[THE RECORDS Boundary: Start]

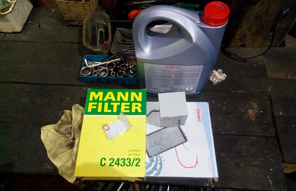 И так для замены масла в двигателе и масляного фильтра на Ниссан Икстрейл понадобится:
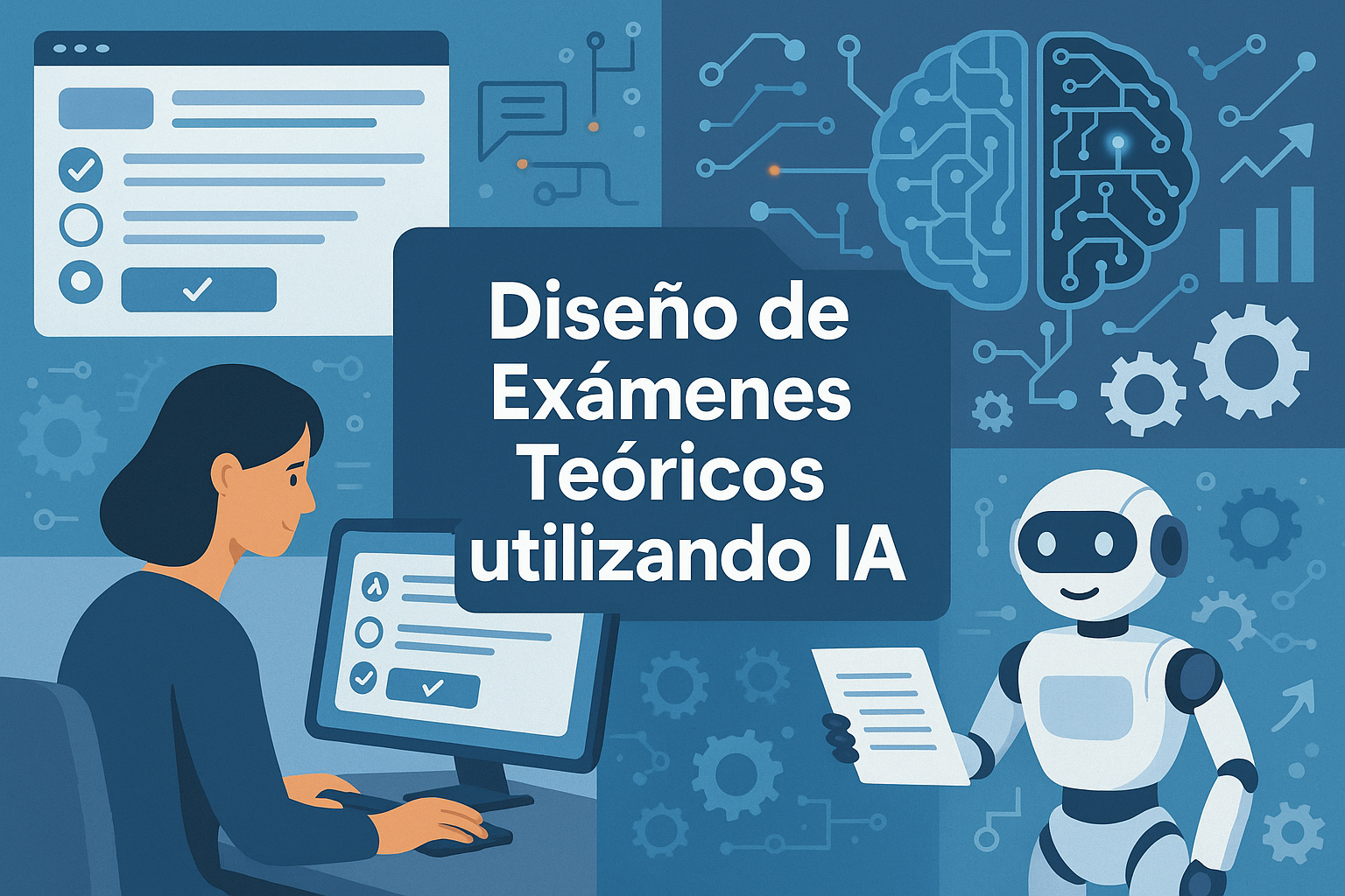 El taller de Diseño de Exámenes Teóricos Utilizando Inteligencia Artificial tiene como objetivo capacitar a los docentes en el uso de herramientas de inteligencia artificial como ChatGPT y Gemini para la creación y corrección de exámenes teóricos. Durante el curso, se exploran temas clave como los fundamentos de la evaluación educativa, el uso de IA para generar preguntas y personalizar exámenes, así como la automatización del proceso de retroalimentación y corrección de respuestas. Los participantes aprenden a integrar estas herramientas en plataformas educativas como Moodle, y deben diseñar un examen teórico, corregirlo de manera automática y proporcionar retroalimentación personalizada como parte de su evaluación final. El taller está diseñado para ser flexible, con modalidad virtual y una duración de 40 horas.
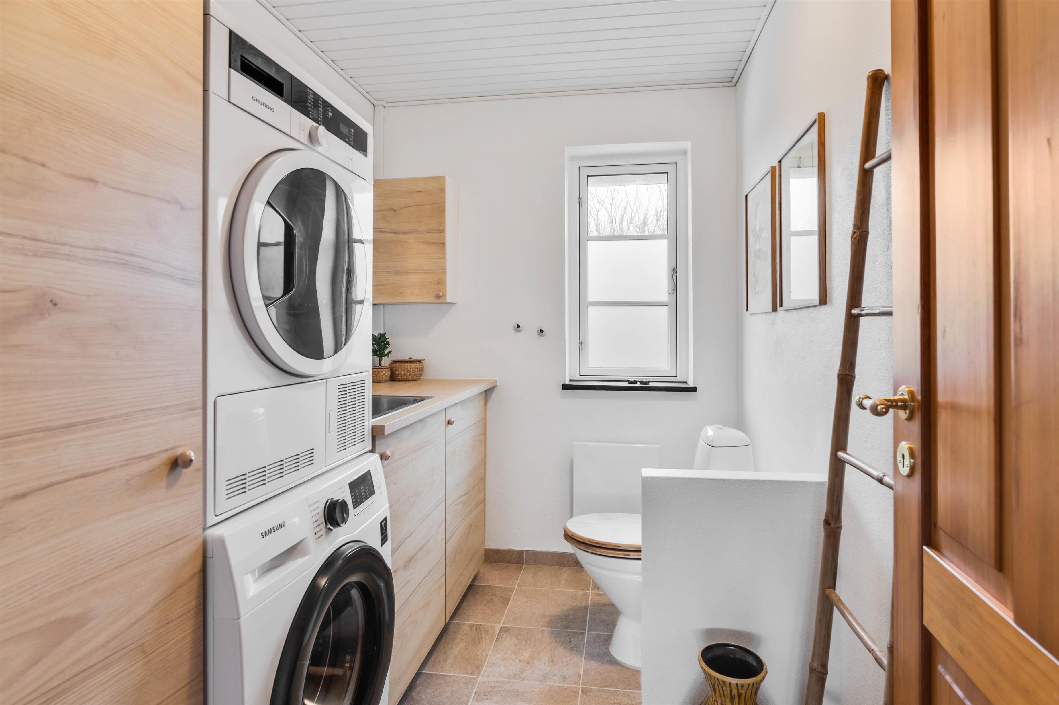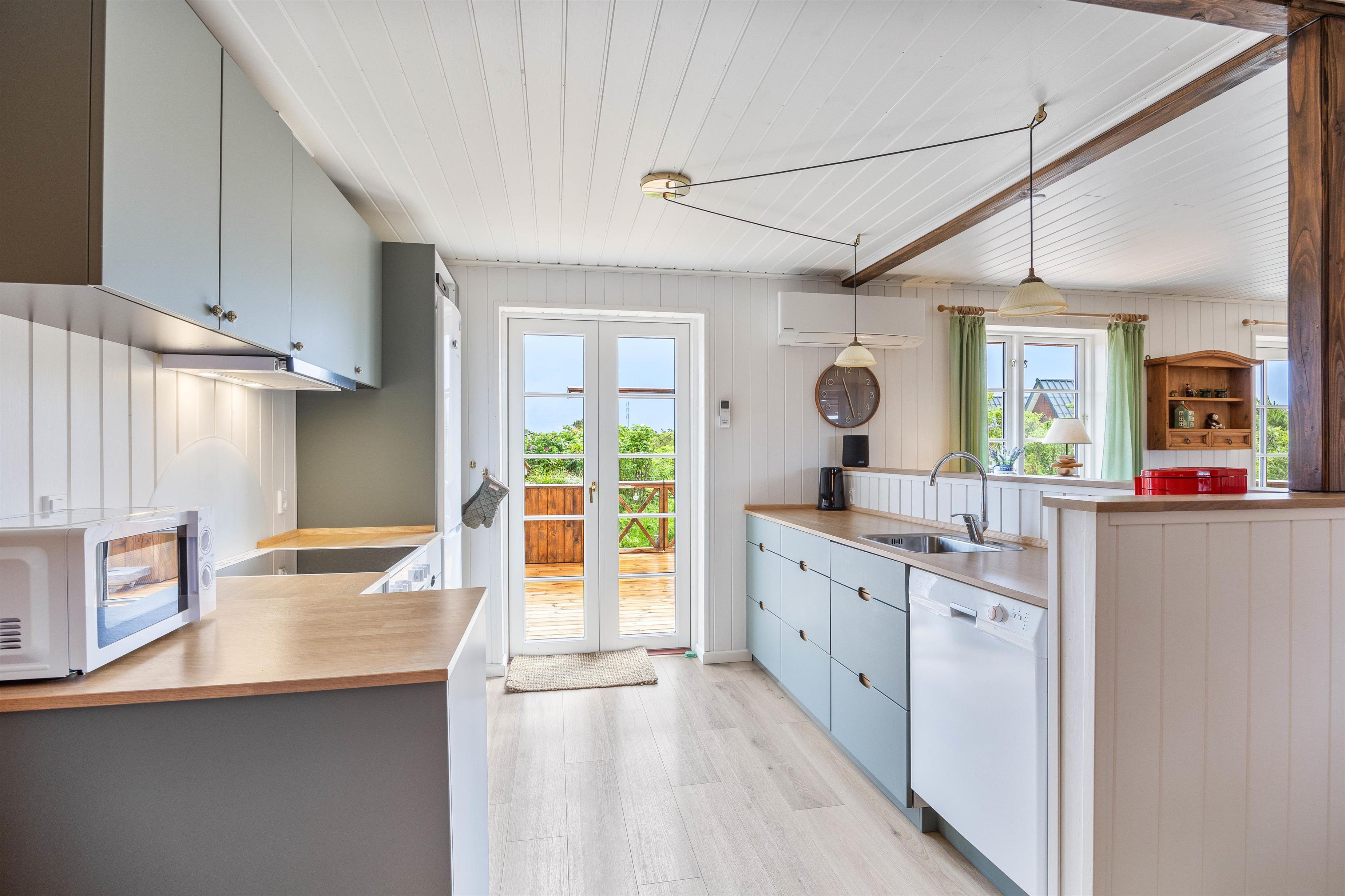 Udover brændeovnen er der også en varmepumpe, der sørger for, at I har gode temperaturer i sommerhuset til lave omkostninger på jeres ferie. Desuden har sommerhuset gode praktiske faciliteter i form af opvaskemaskine, vaskemaskine og tørretumbler.
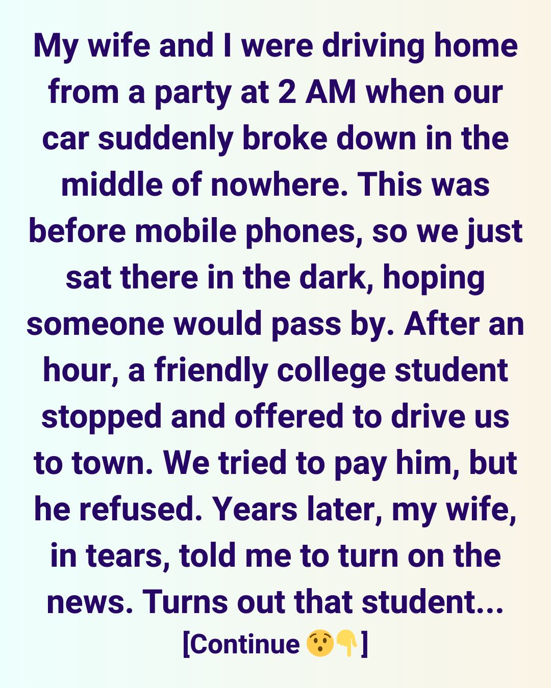 Years later, my wife called me, almost in tears, and told me to turn on the news. There he was — the same “college student,” now wearing a sharp suit and standing behind a podium. He wasn’t a student anymore… he had become a tech millionaire and philanthropist, famous for secretly helping strangers in need.
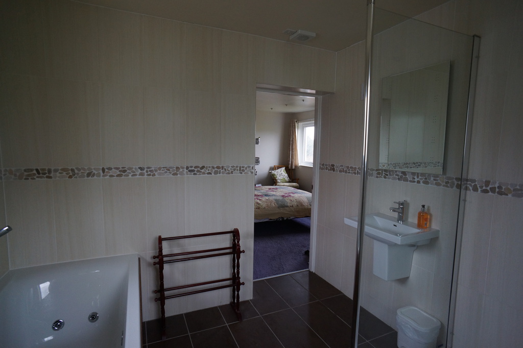 The master bedroom has a king size bed, fitted wardrobe and benefits from its own en-suite, with walk in shower and for that touch of luxury a spa bath. Double windows to the front overlooking
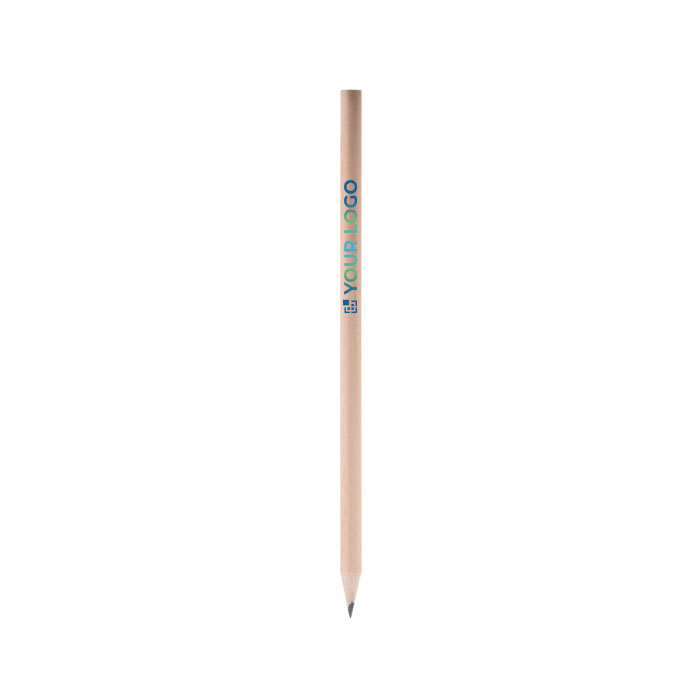 Lápis HB redondo fabricado em madeira 100% ecológica. Afiação pronta para uso imediato. Um acessório prático que reforça a sustentabilidade da sua empresa.
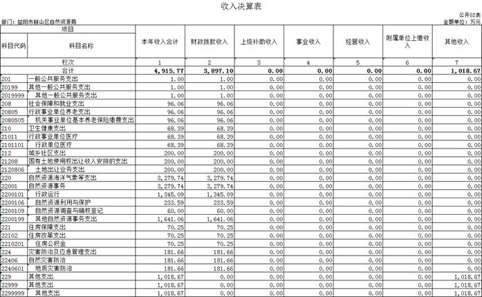 1、收入情况:2022年赫山区自然资源局决算收入4915.77万元,其中财政拨款收入3697.1万元,政府性基金财政拨款收入200万元,其他收入1018.67万元。
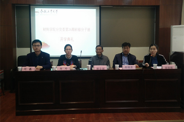 4月5日下午,6686体育分党校第26期积极分子班开学典礼在材料楼601会议室隆重召开。校关工委“五老”报告团副团长鲍良弼老师、材料学院党委书记程继贵老师、材料学院党委副书记、副院长杨玲老师、分党校积极分子班班主任及本期全体入党积极分子参加了开学典礼。
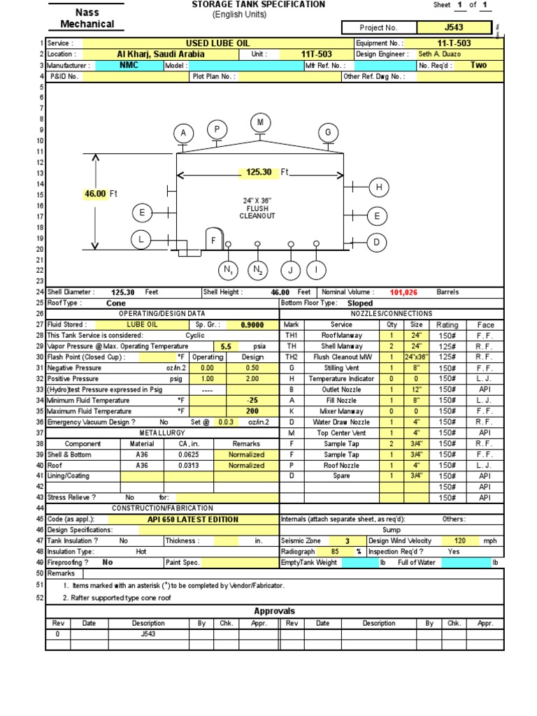 Nameplate api 650 2020 : 1 material receiving inspection report. Api 650, fuel oil storage tank with dome roof installation sequence. Api 653 has a lower safety factor. Asme section ix, welding and brazing qualifications. Api 650, weld steel tanks for oil storage 2. Downstream segment api standard 650 eleventh edition, june 2007 addendum 1: This results in a thinner tmin as compared to the api 650 tmin calcula>on. During tank design, the designer calculates tmin using api 650 and adds. Api 650 is the standard governing welded tanks for oil storage. Api 650 also addresses how best a tank can be. This tank standard is recommended by the fertilizer institute for new tank construction and provides the tank purchaser with rights to ensure that the. 1 material receiving inspection report.
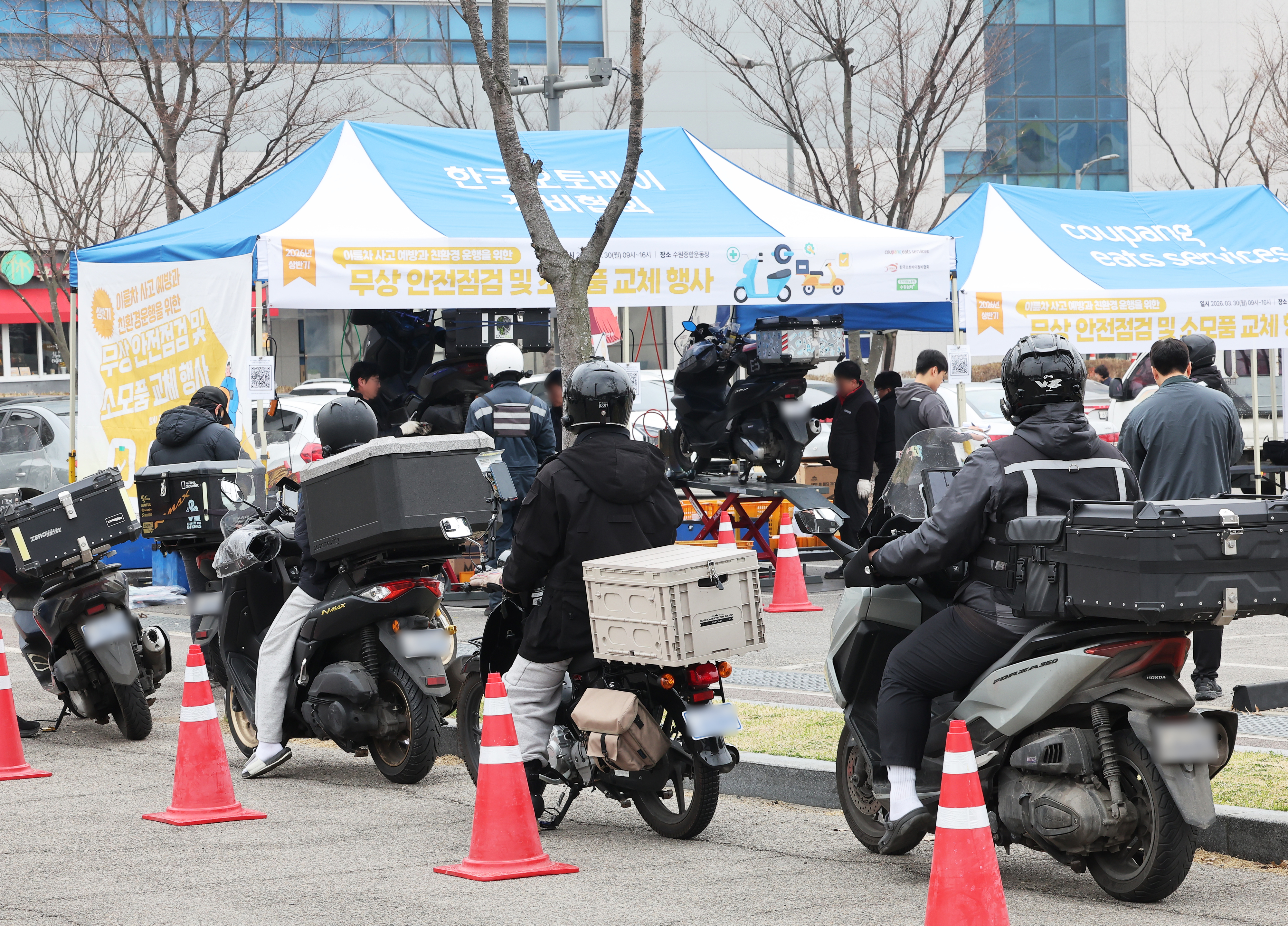 30일 경기 수원시 장안구 수원종합운동장 주차장에서 진행된 ‘2026년 상반기 이륜차 사고 예방과 친환경 운행을 위한 무상 안전 점검 및 소모품 교체 행사’에서 배달업 종사자들이 엔진오일, 브레이크 패드, 전구류 등을 교체하기 위해 대기하고 있다. 이날 행사에는 쿠팡이츠서비스와 한국오토바이정비협회, 경기이동노동자 수원쉼터가 함께했다.
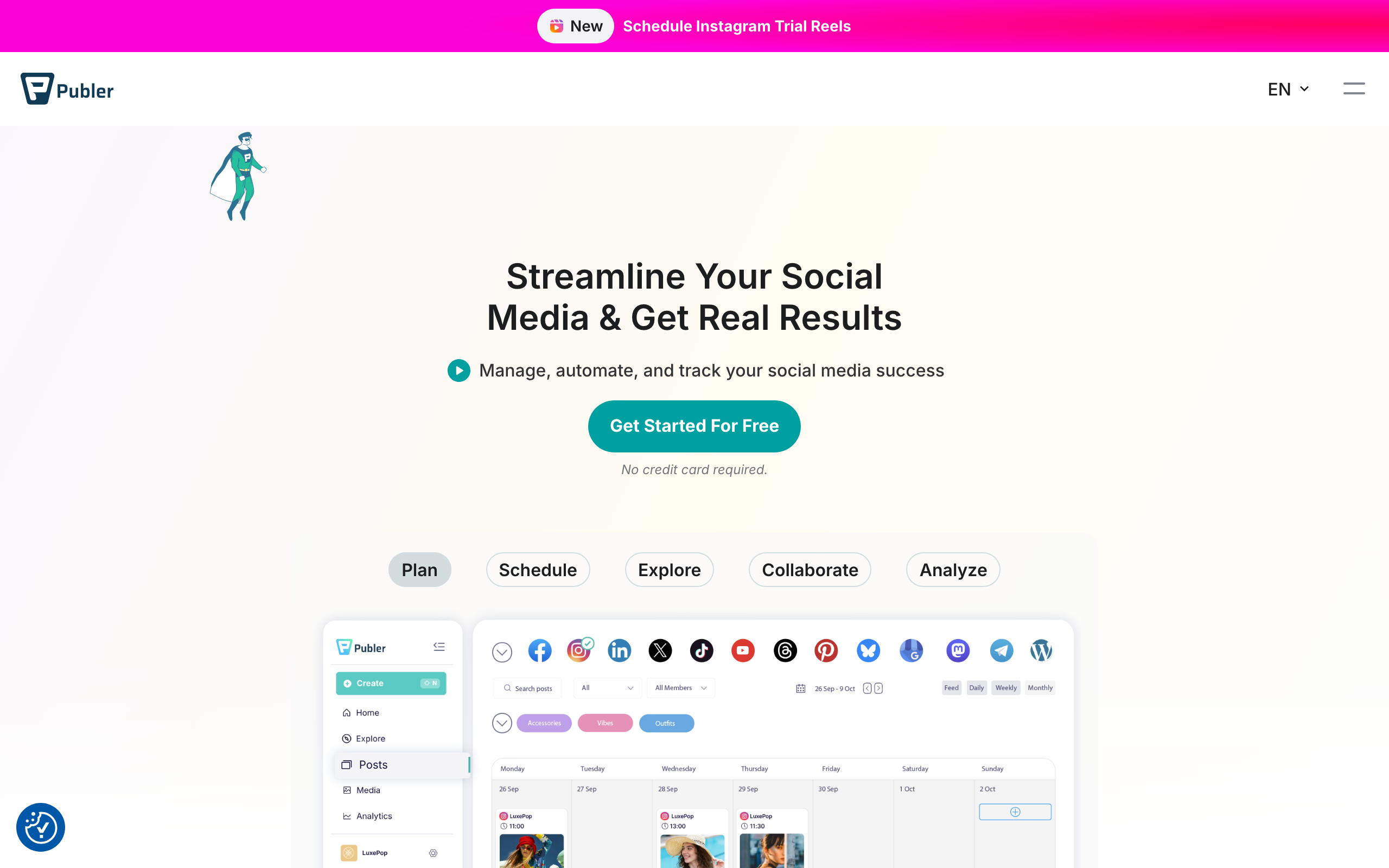 Publer is a social media scheduling and analytics platform designed for teams managing multiple social accounts. The tool enables users to plan, schedule, and publish content across various social media channels from a centralized dashboard, reducing the need to switch between different platforms. The platform offers scheduling capabilities that allow teams to plan posts in advance and automate their distribution. It includes analytics features that track post performance and audience engagement metrics, helping users understand what content resonates with their followers. Publer is built with team collaboration in mind, providing features that support multiple users working together on social media strategy and content creation. The platform supports management of multiple social accounts, making it suitable for agencies, marketing teams, and organizations handling several brand profiles. The tool consolidates social media management tasks into one interface, including account management, content scheduling, team coordination, and performance analysis. This approach aims to streamline workflows for teams that previously relied on multiple disconnected tools. Publer is suited for marketing professionals, social media managers, content creators, and teams in agencies or larger organizations that need coordinated social media management across multiple platforms and accounts.

[THE RECORDS Boundary: End]

WHAT TO DO:
Start at the top of the entries and repeat each line exactly, ending at the line that contains "Udover brændeovnen er". Pictures are not part of the copy.

SOLUTION:
 И так для замены масла в двигателе и масляного фильтра на Ниссан Икстрейл понадобится:
 El taller de Diseño de Exámenes Teóricos Utilizando Inteligencia Artificial tiene como objetivo capacitar a los docentes en el uso de herramientas de inteligencia artificial como ChatGPT y Gemini para la creación y corrección de exámenes teóricos. Durante el curso, se exploran temas clave como los fundamentos de la evaluación educativa, el uso de IA para generar preguntas y personalizar exámenes, así como la automatización del proceso de retroalimentación y corrección de respuestas. Los participantes aprenden a integrar estas herramientas en plataformas educativas como Moodle, y deben diseñar un examen teórico, corregirlo de manera automática y proporcionar retroalimentación personalizada como parte de su evaluación final. El taller está diseñado para ser flexible, con modalidad virtual y una duración de 40 horas.
 Udover brændeovnen er der også en varmepumpe, der sørger for, at I har gode temperaturer i sommerhuset til lave omkostninger på jeres ferie. Desuden har sommerhuset gode praktiske faciliteter i form af opvaskemaskine, vaskemaskine og tørretumbler.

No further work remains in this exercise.